Please format your code, logs or configuration files using </> icon as explained in this guide and not the citation button. It will make your post more readable.

Or use markdown style like:

```
CODE
```

This is the icon to use if you are not using markdown format:

That's a huge difference indeed.
I'd may be try to decrease the size for search_after. But for your use case anyway, I'd use the scroll API as your goal is to extract everything.

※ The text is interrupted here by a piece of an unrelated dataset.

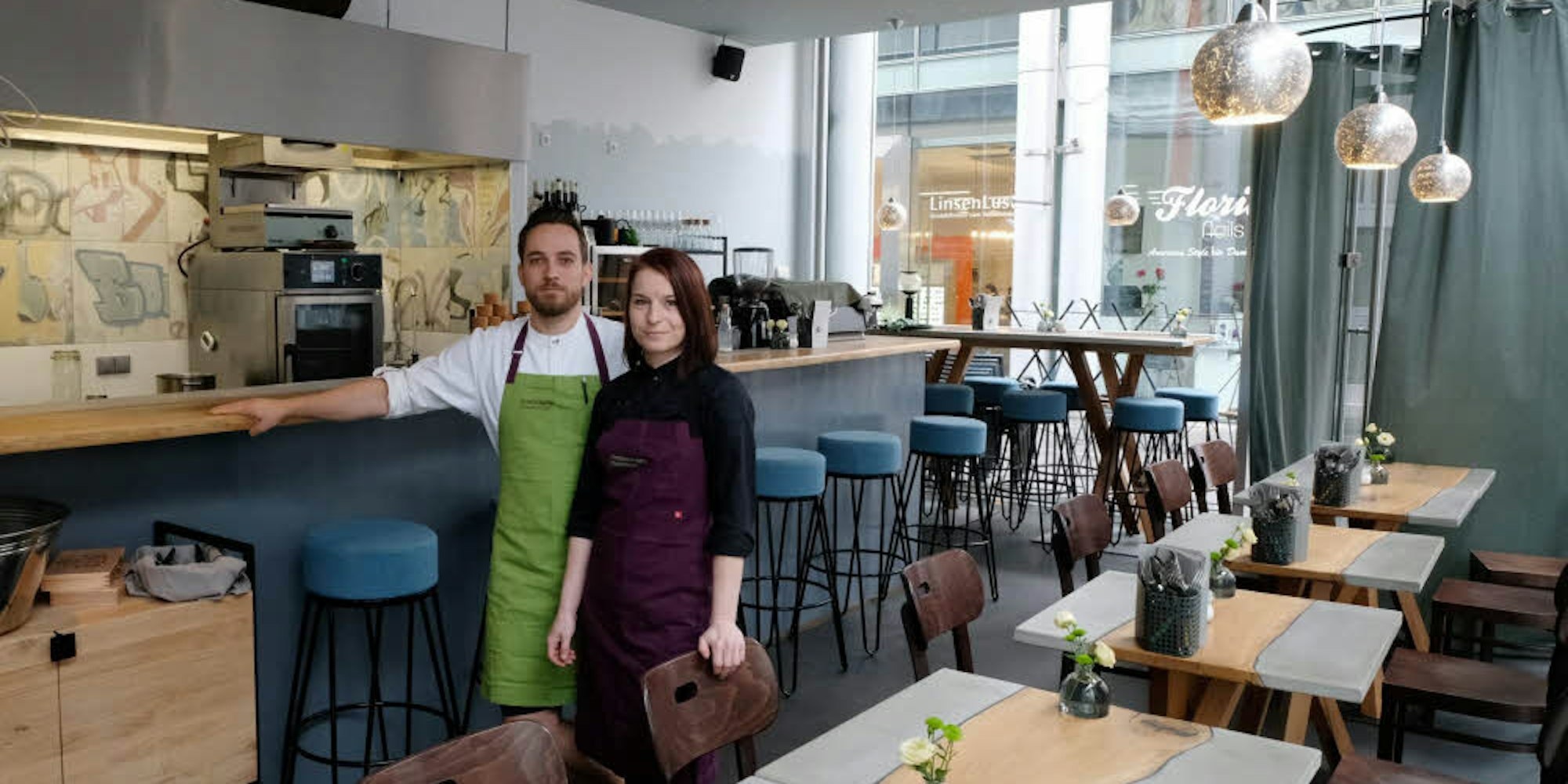 Sonja Baumann und Erik Scheffler im Neo/Biota. Hier gibt es das etwas andere Frühstück und abends Menüs.

Pinging @jimczi as he might know what is happening.

sorry - fixed.

i have testet it with different sizes.

our test with different sizes:
(first param = document count, second param = size)

code:

    @ParameterizedTest
    @CsvSource({
            "17, 3",
            "10, 2",
            "0, 1",
            "1, 1",
            "13, 2",
            "10, 3"
            "100001, 50",
            "100001, 100",
            "100001, 500",
            "100001, 1000",
            "100001, 5000",
            "100001, 20000",
    })
    void newTestScrollClosing(int givenTestObjects, int chunksize) {
        client.createIndexByFilename(indexName);

        List<TestObject> testObjectList = IntStream.range(0, givenTestObjects).boxed()
                .map(i -> new TestObject(UUID.randomUUID().toString(), i))
                .collect(Collectors.toList());
        client.insertBulk(testObjectList, WriteRequest.RefreshPolicy.IMMEDIATE);

        List<TestObject> results = new ArrayList<>();

        for (ElasticChunkResult<TestObject> result = client.newStartIterate(chunksize); !result
                .isEmpty(); result = client.newNextChunk(result)) {
            results.addAll(result.getObjects());
        }

        assertThat(results).hasSize(givenTestObjects);
        assertThat(results).containsExactlyInAnyOrderElementsOf(testObjectList);
    }

results with search_after:

image

results with _scroll:

image

Java Code for query and search_after:

 public ElasticChunkResult<T> newStartIterate(int viewSize) {
        SearchRequest searchRequest = new SearchRequest(indexname);
        SearchSourceBuilder searchSourceBuilder = new SearchSourceBuilder();
        searchSourceBuilder.size(viewSize);
        searchSourceBuilder.sort(SortBuilders.fieldSort("_id").order(SortOrder.ASC));
        searchRequest.source(searchSourceBuilder);

        SearchResponse response;
        try {
            response = client.search(searchRequest, RequestOptions.DEFAULT);
        } catch (IOException e) {
            throw new RuntimeException("Fehler beim SearchRequest", e);
        }

        List<T> hits = convertHits(response);

        return new ElasticChunkResult<>(determineLastObject(response, hits), hits, viewSize);
    }

    public ElasticChunkResult<T> newNextChunk(ElasticChunkResult elasticChunkResult) {

        if (elasticChunkResult.isEmpty()) {
            return elasticChunkResult;
        }

        SearchRequest searchRequest = new SearchRequest(indexname);
        SearchSourceBuilder searchSourceBuilder = new SearchSourceBuilder();
        searchSourceBuilder.size(elasticChunkResult.getChunkSize());
        searchSourceBuilder.sort(SortBuilders.fieldSort("_id").order(SortOrder.ASC));
        searchSourceBuilder.searchAfter(new Object[] { elasticChunkResult.getLastObject() });
        searchRequest.source(searchSourceBuilder);

        SearchResponse response;
        try {
            response = client.search(searchRequest, RequestOptions.DEFAULT);
        } catch (IOException e) {
            throw new RuntimeException("Fehler beim SearchRequest", e);
        }

        List<T> hits = convertHits(response);

        return new ElasticChunkResult<>(determineLastObject(response, hits), hits, elasticChunkResult.getChunkSize());
    }

    private Object determineLastObject(SearchResponse response, List<T> hits) {
        Object lastObject = null;

        if (!hits.isEmpty()) {
            lastObject = response.getHits().getAt(response.getHits().getHits().length - 1).getId();
        }
        return lastObject;
    }

This topic was automatically closed 28 days after the last reply. New replies are no longer allowed.